*Available data:*
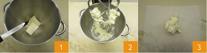 To prepare the two-tone croissants, first make the butter that you will subsequently use for laminating. In the bowl of a stand mixer, place the 250 g of softened butter, add the seeds of the vanilla pod 1, and work it with the flat beater 2. Transfer the butter onto a sheet of parchment paper 3.
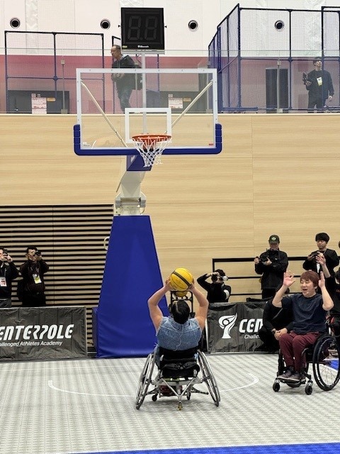 「車いすバスケはテレビでしか見たことがなく、ぶつかり合ったりとにかく激しいイメージがありました。コートの大きさやゴールの高さが通常のバスケと同じと聞いてびっくりしました」とコメント。
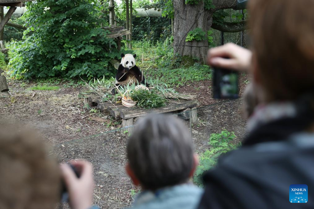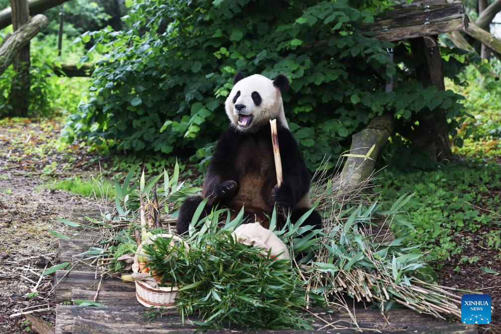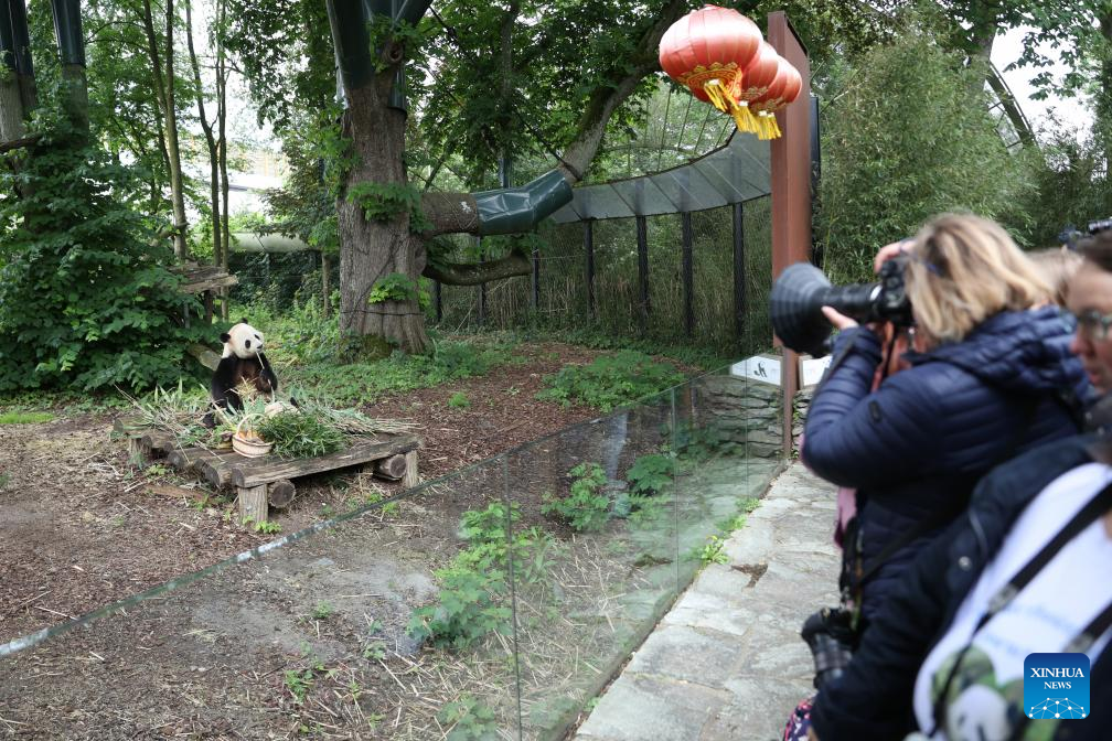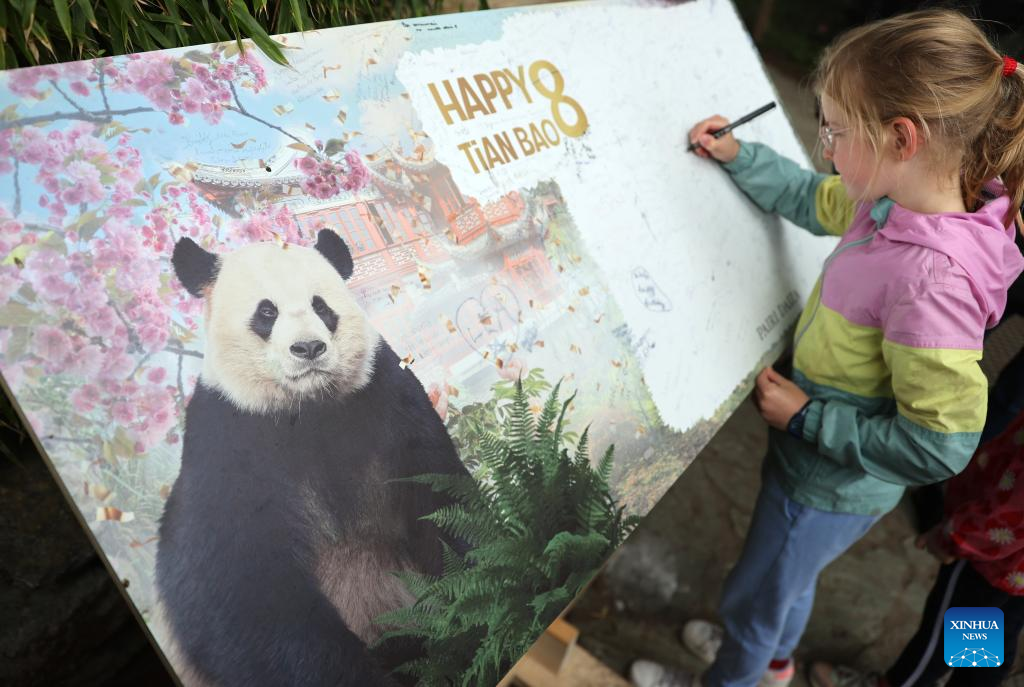 The Belgian Pairi Daiza Zoo celebrated the 8th birthday of giant panda Tian Bao on Sunday. (Xinhua/Zhao Dingzhe)

*Exercise goal:*
Drop the pictures and reproduce the rest of the data exactly.

*Written reply:*
 To prepare the two-tone croissants, first make the butter that you will subsequently use for laminating. In the bowl of a stand mixer, place the 250 g of softened butter, add the seeds of the vanilla pod 1, and work it with the flat beater 2. Transfer the butter onto a sheet of parchment paper 3.
 「車いすバスケはテレビでしか見たことがなく、ぶつかり合ったりとにかく激しいイメージがありました。コートの大きさやゴールの高さが通常のバスケと同じと聞いてびっくりしました」とコメント。
 The Belgian Pairi Daiza Zoo celebrated the 8th birthday of giant panda Tian Bao on Sunday. (Xinhua/Zhao Dingzhe)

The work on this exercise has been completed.